The Airborne Tactical Advantage Company (ATAC), partnered with Valkyrie Aero, has landed a contract to provide live Contract Close Air Support (CCAS) for the Air Force Special Operations Command’s Joint Terminal Attack Controller (JTAC) training course. According to an article released by the Aviationist, the companies will provide training support at multiple locations throughout the country. This contract comes after ATAC was awarded a deal to provide aircraft and pilots to role play as enemy planes at Luke and Holloman Air Force bases.
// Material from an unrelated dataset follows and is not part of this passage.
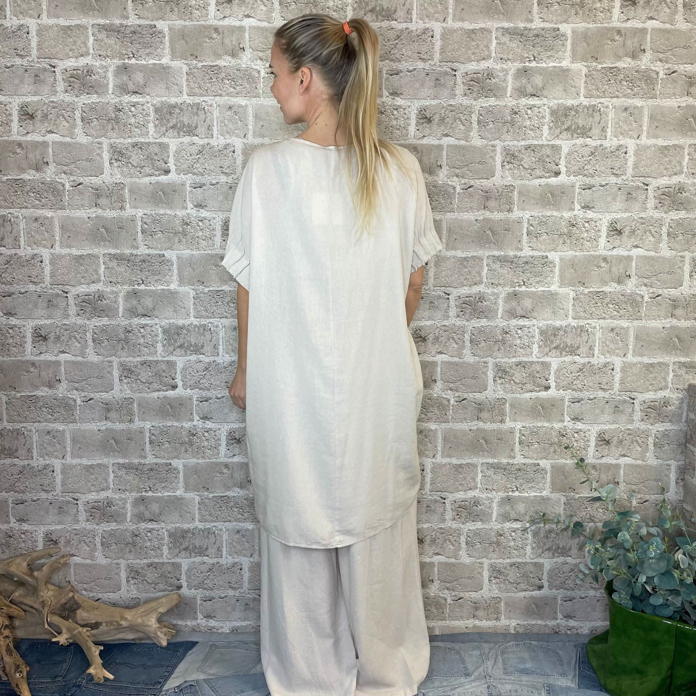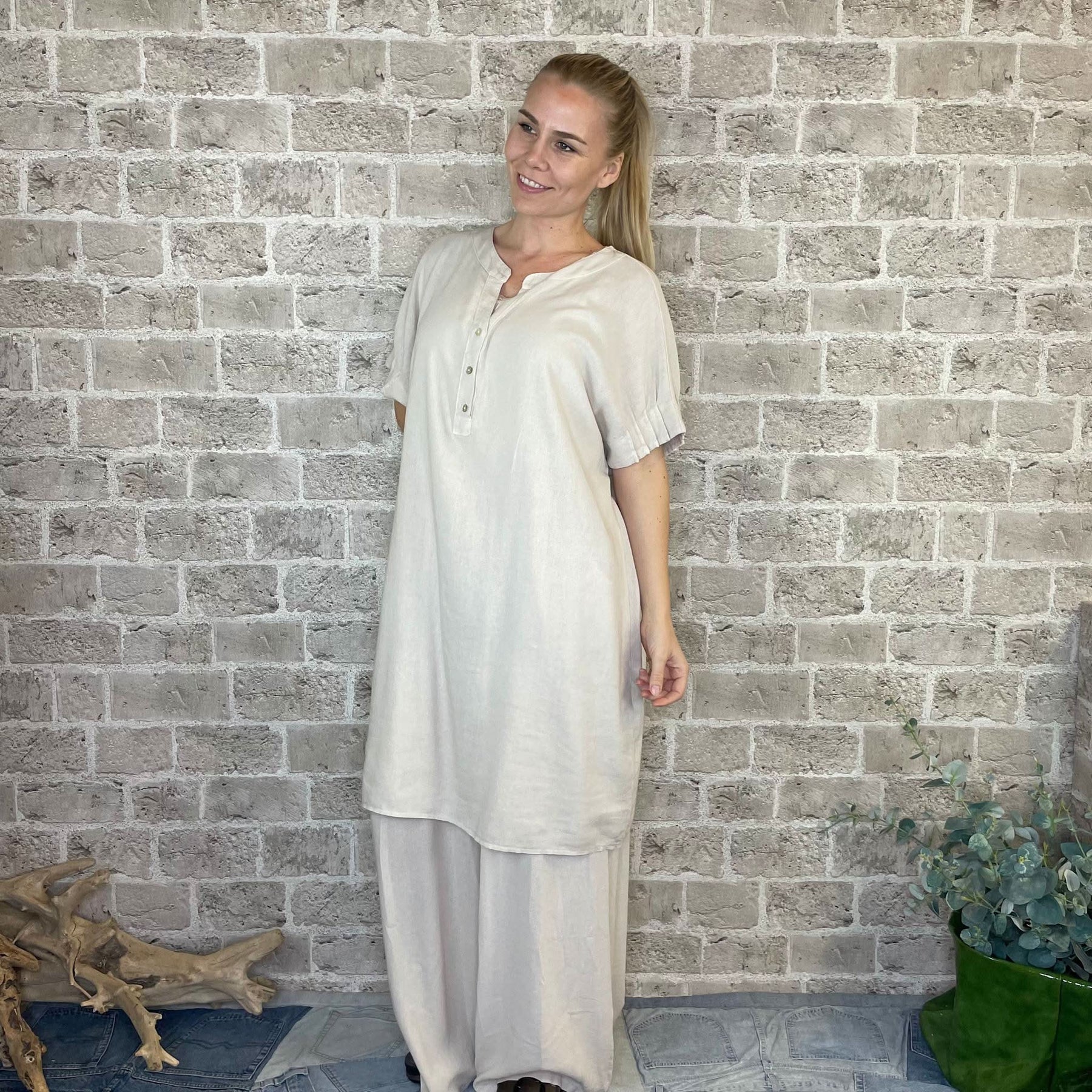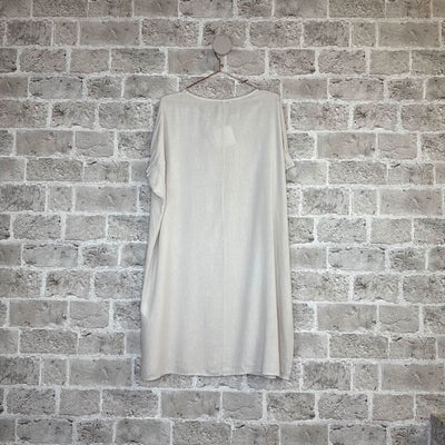 ❥ Mål på størrelse: Onesize - Mål over bryst: 69 cm - Mål i bund: 72 cm - Længde front: 98 cm - Længde Bag: 98 cm - Ærme udvendig: 30 cm

The aircraft that will be used for the CCAS training are the L-39 Albatros and A-27 Tucano. The plan is to begin implementing these aircraft into the JTAC training modules starting this summer. The companies will provide their services at up to 10 locations. They will fly over 900 training missions, equating to about 1,100 flight hours.
Valkyrie Aero will be providing the A-27 Tucano. The A-27 is a predecessor to the A-29 Super Tucano. The A-29 is still in service with the U.S. Air Force. It is used primarily for training Afghan pilots. The A-27 is loaded with modern technology, including an MX-15D EO/IR turret, UHF/VHF radios, Video Downlink (VDL), and Variable Message Format (VMF). In addition, it is armed with a 7.62 M-134H-equipped DAP-6 gun pod, 2.75″ rockets, and BDU-33/Mk-76 practice bombs. The A-27 has the ability to conduct daytime and nighttime operations.
In a press release, ATAC General Manager, Scott Stacy said, “ATAC is proud to support the training of AFSOC JTACs, the gold-standard in their field. This work expands on ATAC’s previous air-to-ground training and positions the company for future growth in this important training area.”
ATAC and Valkyrie Aero are not newcomers to providing CCAS training support. Just last year, they earned a contract to provide services for the Navy’s Terminal Attack Controller Trainer (TACT) program. They also just recently helped the Navy complete a training block for the Naval Aviation Warfighting Development Center at Naval Air Station Fallon.
Contracts like this are not uncommon. Recently, the Department of Defense awarded several contracts to support flight training and JTAC training. In order to train the Air Force’s F-15, F-16, and F-35 pilots, contracts for companies to provide adversary training have had a high priority.